- Information supplied -

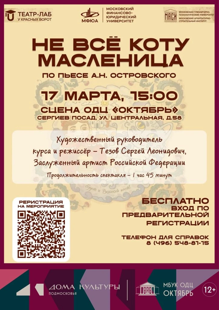 В рамках празднования Всемирного Дня театра Московский финансово-юридический университет МФЮА совместно с театром «У Красных ворот» при Московской академии современного искусства МГТУ-МАСИ приглашает учащихся школ, а также студентов колледжей и вузов Сергиево-Посадского городского округа на спектакль «Не всё коту масленица» по пьесе А.Н. Островского.
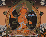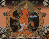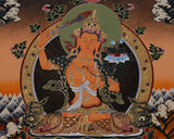 This hand-painted artwork of Manjushri, Chengrezig, and Vajrapani is a spiritual and artistic masterpiece that can elevate any space. It is a focal point of tranquility, wisdom, and inspiration and makes a thoughtful gift for loved ones. The painting carries deep symbolic significance and artistic beauty, making it perfect for those on a spiritual journey. This thangka infuses your space with the timeless virtues of wisdom, compassion, and power.
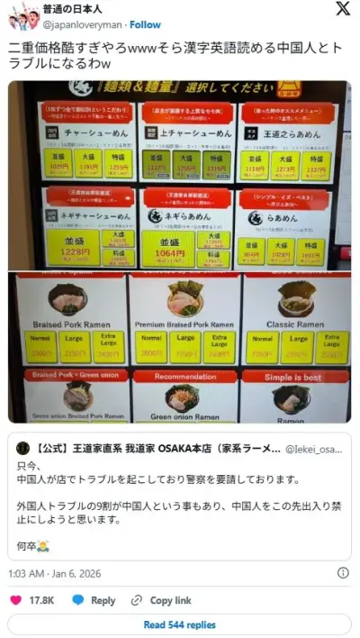 中国人お断りラーメン店『王道家直系我道家』 中国人に対するボッタクリがトラブルの元だったwwwwww
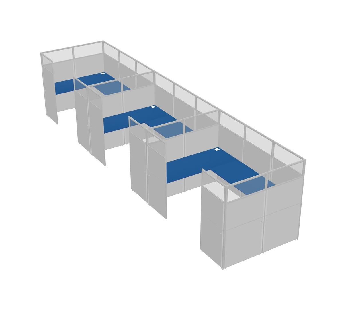 Prism Blue U-shaped Panel System For 3 Person For 3 User(s)

- Assignment -
Reproduce the final stretch of lines exactly: the line containing "This hand-painted artwork" through the last line of the data, both included. Pictures do not belong in the copy.

- Finished task -
 This hand-painted artwork of Manjushri, Chengrezig, and Vajrapani is a spiritual and artistic masterpiece that can elevate any space. It is a focal point of tranquility, wisdom, and inspiration and makes a thoughtful gift for loved ones. The painting carries deep symbolic significance and artistic beauty, making it perfect for those on a spiritual journey. This thangka infuses your space with the timeless virtues of wisdom, compassion, and power.
 中国人お断りラーメン店『王道家直系我道家』 中国人に対するボッタクリがトラブルの元だったwwwwww
 Prism Blue U-shaped Panel System For 3 Person For 3 User(s)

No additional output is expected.